-- Task goal --
Leave the images aside and repeat the whole listing exactly.

--- Stored data Enclosed Below ---

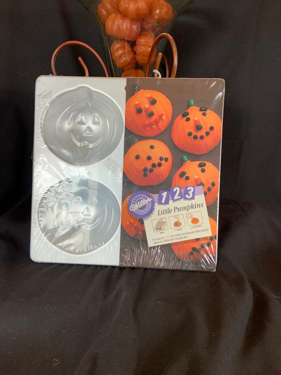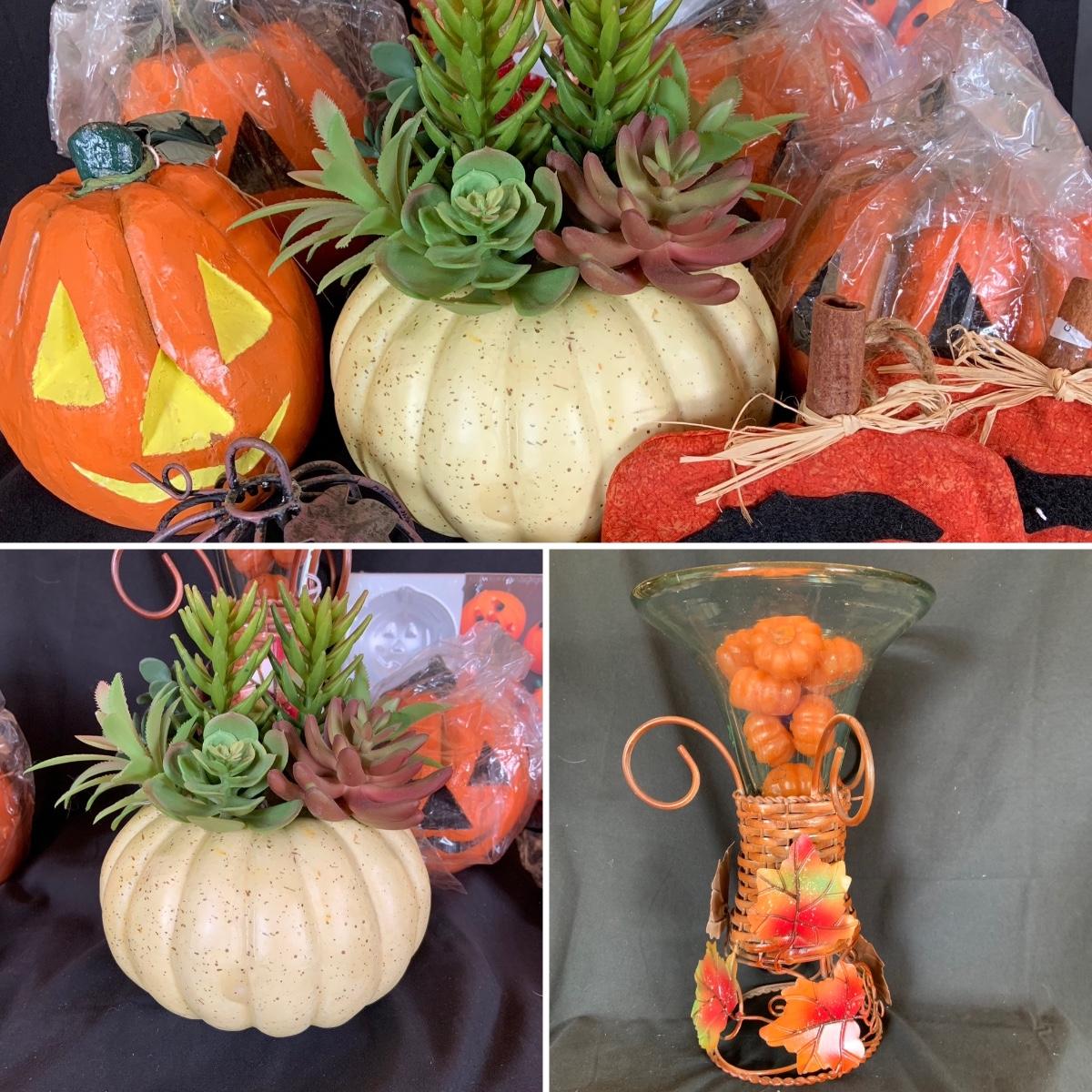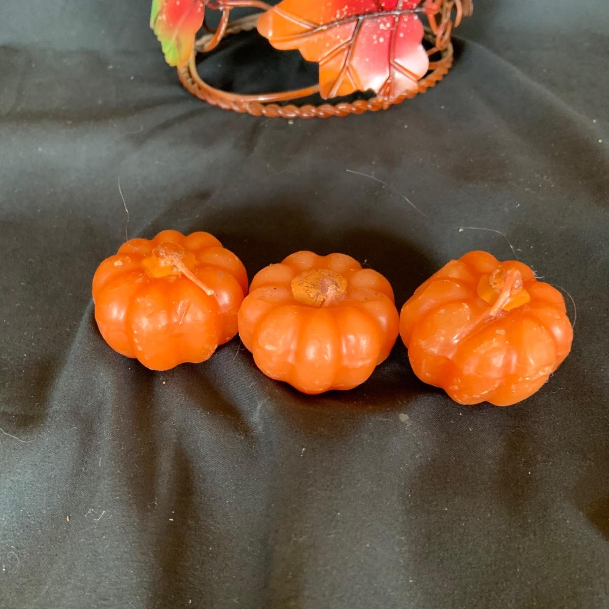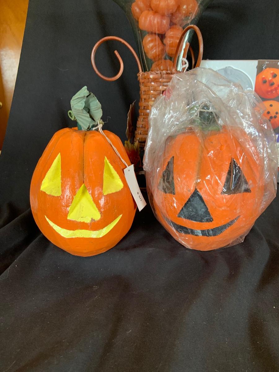 LOT:166: Fall and Halloween Pumpkin Decorations Including Jack-o-Lantern Cupcake Pans, Candles and More
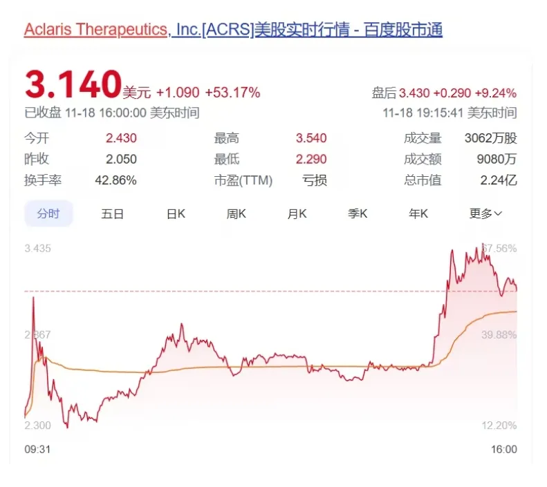 受此消息影响,Aclaris Therapeutics股价上涨53%。
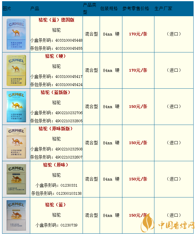 駱駝香煙品種包括了,駱駝(無嘴)、駱駝(軟黃)、駱駝(原味中免)、駱駝(藍中免)、駱駝(薄荷)、駱駝(特醇俄版)、駱駝(八角藍)、駱駝(硬藍99s)、駱駝(硬黃99s)等。

--- End of Enclosed Stored data ---

-- Exercise response --
 LOT:166: Fall and Halloween Pumpkin Decorations Including Jack-o-Lantern Cupcake Pans, Candles and More
 受此消息影响,Aclaris Therapeutics股价上涨53%。
 駱駝香煙品種包括了,駱駝(無嘴)、駱駝(軟黃)、駱駝(原味中免)、駱駝(藍中免)、駱駝(薄荷)、駱駝(特醇俄版)、駱駝(八角藍)、駱駝(硬藍99s)、駱駝(硬黃99s)等。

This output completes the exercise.